▶ _WHAT YOU ARE ASKED TO DO_
Filter the entries that follow, copying every line in which the word "sterling" appears.

▶ _Collection entries_
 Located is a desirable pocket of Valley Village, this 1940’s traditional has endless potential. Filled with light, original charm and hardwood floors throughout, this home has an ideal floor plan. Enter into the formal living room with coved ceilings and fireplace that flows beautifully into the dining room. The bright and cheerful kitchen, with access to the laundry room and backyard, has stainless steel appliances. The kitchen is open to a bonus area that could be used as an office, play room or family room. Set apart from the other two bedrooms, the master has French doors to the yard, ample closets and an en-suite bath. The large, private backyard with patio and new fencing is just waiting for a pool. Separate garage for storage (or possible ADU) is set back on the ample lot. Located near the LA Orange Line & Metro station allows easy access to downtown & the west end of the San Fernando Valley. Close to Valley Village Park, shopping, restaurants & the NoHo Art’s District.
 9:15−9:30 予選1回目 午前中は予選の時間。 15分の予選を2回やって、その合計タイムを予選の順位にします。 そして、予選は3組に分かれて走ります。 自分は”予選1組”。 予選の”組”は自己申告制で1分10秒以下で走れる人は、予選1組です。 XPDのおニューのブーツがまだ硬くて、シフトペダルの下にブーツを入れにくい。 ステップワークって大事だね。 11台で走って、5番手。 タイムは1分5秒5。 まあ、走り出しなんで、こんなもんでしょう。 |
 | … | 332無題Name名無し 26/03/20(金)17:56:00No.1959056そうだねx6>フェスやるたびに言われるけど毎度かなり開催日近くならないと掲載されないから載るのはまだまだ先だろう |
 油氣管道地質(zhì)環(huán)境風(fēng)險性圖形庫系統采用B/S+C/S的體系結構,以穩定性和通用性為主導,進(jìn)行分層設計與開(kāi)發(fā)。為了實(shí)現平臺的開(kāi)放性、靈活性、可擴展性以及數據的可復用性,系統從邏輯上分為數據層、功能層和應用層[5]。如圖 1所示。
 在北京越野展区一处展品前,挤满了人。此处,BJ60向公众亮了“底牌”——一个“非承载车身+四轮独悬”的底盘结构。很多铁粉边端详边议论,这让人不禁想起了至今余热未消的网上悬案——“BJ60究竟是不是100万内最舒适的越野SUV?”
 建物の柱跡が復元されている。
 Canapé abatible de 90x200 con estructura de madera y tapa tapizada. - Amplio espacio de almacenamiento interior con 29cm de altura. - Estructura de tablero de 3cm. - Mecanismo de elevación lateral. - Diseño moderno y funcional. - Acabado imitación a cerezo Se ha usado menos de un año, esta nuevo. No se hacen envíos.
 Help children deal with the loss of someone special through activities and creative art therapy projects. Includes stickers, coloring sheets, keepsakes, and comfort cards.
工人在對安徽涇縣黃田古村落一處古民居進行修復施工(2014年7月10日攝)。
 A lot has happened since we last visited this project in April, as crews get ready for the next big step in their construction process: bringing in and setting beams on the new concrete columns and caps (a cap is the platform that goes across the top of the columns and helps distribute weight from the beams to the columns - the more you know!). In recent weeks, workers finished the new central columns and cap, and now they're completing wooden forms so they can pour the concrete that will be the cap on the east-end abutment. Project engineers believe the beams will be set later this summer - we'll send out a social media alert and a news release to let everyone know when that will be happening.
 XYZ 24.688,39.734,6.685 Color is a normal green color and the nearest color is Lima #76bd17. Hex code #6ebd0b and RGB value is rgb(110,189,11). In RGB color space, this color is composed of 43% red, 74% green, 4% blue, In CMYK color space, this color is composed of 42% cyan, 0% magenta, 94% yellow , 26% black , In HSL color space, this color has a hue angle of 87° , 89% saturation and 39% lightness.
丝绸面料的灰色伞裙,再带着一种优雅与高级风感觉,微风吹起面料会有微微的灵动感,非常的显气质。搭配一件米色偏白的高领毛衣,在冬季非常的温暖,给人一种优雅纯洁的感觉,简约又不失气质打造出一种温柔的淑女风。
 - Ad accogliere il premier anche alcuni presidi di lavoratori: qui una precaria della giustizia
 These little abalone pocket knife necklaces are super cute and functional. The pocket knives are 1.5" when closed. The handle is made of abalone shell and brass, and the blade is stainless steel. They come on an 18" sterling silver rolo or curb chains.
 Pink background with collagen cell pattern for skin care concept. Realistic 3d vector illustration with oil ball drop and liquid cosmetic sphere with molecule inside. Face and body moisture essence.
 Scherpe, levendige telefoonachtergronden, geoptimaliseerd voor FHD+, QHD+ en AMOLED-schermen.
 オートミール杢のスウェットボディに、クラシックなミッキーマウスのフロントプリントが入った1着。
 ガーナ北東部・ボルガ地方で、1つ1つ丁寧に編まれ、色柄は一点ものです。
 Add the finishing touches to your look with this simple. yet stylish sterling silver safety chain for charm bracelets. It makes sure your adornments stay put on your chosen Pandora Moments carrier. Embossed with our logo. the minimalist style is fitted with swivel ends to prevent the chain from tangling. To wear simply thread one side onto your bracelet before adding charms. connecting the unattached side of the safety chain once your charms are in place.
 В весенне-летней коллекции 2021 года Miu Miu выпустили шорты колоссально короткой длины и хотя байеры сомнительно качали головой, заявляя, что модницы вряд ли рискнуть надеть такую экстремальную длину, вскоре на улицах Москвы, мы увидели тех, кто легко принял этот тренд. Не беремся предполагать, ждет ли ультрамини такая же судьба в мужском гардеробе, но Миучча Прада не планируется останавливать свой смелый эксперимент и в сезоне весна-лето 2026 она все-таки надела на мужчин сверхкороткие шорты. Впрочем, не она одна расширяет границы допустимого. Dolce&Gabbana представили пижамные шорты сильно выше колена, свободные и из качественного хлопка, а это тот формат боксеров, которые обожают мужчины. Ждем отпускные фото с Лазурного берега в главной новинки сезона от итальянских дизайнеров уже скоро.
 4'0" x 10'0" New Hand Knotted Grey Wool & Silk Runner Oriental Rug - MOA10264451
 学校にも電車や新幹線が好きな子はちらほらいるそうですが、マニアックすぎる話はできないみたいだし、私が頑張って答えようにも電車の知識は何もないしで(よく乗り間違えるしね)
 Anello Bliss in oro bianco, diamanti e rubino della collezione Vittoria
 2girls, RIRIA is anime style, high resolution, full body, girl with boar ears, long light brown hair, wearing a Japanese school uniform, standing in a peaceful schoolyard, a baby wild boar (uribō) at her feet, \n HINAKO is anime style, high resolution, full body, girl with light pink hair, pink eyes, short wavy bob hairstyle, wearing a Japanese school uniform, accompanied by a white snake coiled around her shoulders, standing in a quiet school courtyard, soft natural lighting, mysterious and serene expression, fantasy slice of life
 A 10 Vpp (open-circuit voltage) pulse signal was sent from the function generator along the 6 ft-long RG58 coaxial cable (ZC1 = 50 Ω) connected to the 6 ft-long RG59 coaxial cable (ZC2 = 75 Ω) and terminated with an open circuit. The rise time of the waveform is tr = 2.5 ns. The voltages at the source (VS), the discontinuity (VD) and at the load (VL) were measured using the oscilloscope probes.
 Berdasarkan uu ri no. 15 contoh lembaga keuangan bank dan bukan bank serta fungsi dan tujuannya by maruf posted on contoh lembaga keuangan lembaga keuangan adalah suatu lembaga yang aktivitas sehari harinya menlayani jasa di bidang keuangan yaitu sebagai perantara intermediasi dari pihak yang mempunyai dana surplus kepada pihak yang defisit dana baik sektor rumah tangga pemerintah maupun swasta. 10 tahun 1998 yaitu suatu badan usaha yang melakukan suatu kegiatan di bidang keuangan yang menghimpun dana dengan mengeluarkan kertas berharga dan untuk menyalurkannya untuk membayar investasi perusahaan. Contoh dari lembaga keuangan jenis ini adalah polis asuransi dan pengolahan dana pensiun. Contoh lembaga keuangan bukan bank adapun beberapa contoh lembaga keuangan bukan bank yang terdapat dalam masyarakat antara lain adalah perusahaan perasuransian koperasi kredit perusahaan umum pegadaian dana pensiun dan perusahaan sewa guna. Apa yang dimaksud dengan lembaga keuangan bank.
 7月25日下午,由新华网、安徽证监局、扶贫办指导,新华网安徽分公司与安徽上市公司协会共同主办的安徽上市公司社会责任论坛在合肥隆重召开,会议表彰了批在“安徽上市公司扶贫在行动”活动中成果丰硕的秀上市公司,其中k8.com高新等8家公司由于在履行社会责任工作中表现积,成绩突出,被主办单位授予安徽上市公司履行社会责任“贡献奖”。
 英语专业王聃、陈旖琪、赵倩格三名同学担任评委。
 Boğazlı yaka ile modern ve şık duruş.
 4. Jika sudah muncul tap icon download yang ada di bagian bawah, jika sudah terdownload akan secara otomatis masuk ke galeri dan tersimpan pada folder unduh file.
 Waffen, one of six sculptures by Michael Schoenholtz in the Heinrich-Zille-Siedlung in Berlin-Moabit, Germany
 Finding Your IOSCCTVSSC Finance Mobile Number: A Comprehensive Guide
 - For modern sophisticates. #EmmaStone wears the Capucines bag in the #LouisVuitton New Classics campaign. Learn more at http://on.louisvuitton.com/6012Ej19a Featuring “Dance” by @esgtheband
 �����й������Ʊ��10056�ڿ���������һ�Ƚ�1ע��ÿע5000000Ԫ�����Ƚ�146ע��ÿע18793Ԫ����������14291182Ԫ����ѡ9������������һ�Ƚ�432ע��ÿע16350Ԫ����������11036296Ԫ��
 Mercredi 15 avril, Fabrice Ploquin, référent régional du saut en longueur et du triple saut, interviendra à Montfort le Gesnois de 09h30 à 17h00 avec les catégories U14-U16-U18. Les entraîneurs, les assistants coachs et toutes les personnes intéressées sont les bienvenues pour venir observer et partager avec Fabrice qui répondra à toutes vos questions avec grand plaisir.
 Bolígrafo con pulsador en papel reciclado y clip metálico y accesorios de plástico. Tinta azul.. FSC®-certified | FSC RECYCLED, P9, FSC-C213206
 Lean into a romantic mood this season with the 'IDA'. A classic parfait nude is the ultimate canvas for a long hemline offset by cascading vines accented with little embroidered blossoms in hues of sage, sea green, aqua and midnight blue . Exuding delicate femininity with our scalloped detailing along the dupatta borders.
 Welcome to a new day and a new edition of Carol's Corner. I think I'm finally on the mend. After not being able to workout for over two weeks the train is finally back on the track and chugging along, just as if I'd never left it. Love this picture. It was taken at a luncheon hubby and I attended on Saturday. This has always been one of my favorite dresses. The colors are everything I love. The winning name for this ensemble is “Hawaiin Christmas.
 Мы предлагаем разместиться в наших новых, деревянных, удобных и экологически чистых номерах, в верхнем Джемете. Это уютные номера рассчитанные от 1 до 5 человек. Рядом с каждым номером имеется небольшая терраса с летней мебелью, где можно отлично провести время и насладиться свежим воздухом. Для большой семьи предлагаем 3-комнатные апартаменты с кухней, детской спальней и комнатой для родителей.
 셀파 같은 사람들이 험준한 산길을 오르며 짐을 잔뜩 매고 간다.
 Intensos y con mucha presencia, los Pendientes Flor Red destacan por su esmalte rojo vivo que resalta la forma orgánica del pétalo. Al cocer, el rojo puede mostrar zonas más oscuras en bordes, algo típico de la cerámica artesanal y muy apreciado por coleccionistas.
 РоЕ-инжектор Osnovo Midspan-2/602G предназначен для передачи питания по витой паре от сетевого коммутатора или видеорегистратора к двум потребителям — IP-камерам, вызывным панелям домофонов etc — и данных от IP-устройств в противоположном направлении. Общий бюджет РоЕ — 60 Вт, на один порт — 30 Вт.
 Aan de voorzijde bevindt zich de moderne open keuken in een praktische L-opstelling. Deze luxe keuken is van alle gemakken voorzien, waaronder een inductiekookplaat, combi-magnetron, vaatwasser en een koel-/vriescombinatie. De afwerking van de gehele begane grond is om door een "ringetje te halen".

▶ _RESULT OF THE TASK_
 These little abalone pocket knife necklaces are super cute and functional. The pocket knives are 1.5" when closed. The handle is made of abalone shell and brass, and the blade is stainless steel. They come on an 18" sterling silver rolo or curb chains.
 Add the finishing touches to your look with this simple. yet stylish sterling silver safety chain for charm bracelets. It makes sure your adornments stay put on your chosen Pandora Moments carrier. Embossed with our logo. the minimalist style is fitted with swivel ends to prevent the chain from tangling. To wear simply thread one side onto your bracelet before adding charms. connecting the unattached side of the safety chain once your charms are in place.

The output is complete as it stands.